= Your objective =
Write out the data exactly, please, and omit the pictures.

= Dataset section =
== Segment start ==

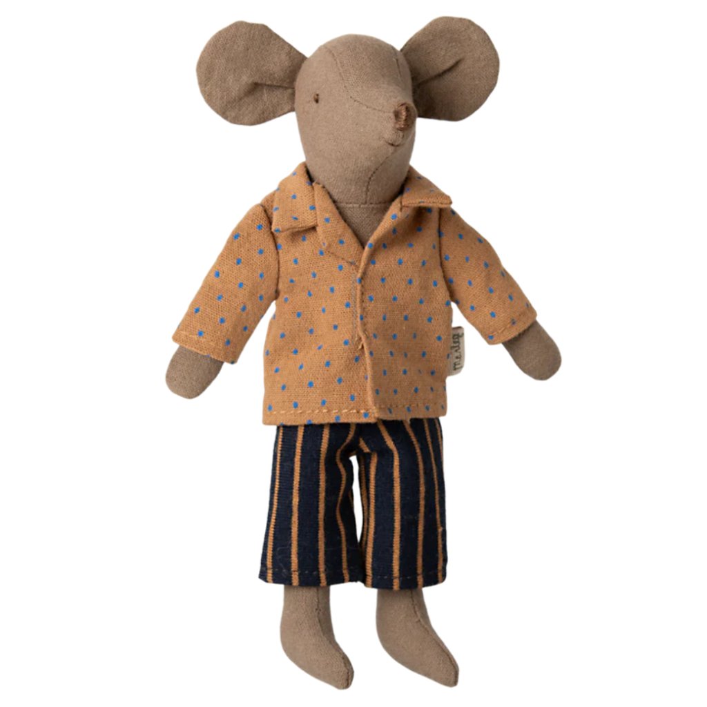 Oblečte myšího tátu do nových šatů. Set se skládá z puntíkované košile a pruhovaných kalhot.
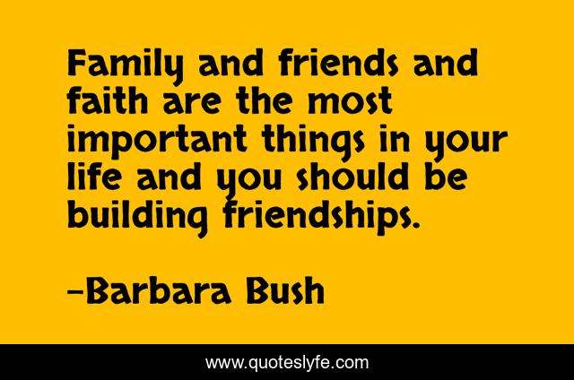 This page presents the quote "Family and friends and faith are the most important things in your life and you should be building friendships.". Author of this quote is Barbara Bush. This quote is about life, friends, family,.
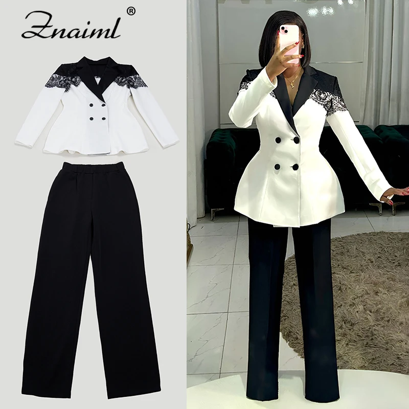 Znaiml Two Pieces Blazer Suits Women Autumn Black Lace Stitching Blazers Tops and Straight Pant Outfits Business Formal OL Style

== Segment end ==

= Response box =
 Oblečte myšího tátu do nových šatů. Set se skládá z puntíkované košile a pruhovaných kalhot.
 This page presents the quote "Family and friends and faith are the most important things in your life and you should be building friendships.". Author of this quote is Barbara Bush. This quote is about life, friends, family,.
 Znaiml Two Pieces Blazer Suits Women Autumn Black Lace Stitching Blazers Tops and Straight Pant Outfits Business Formal OL Style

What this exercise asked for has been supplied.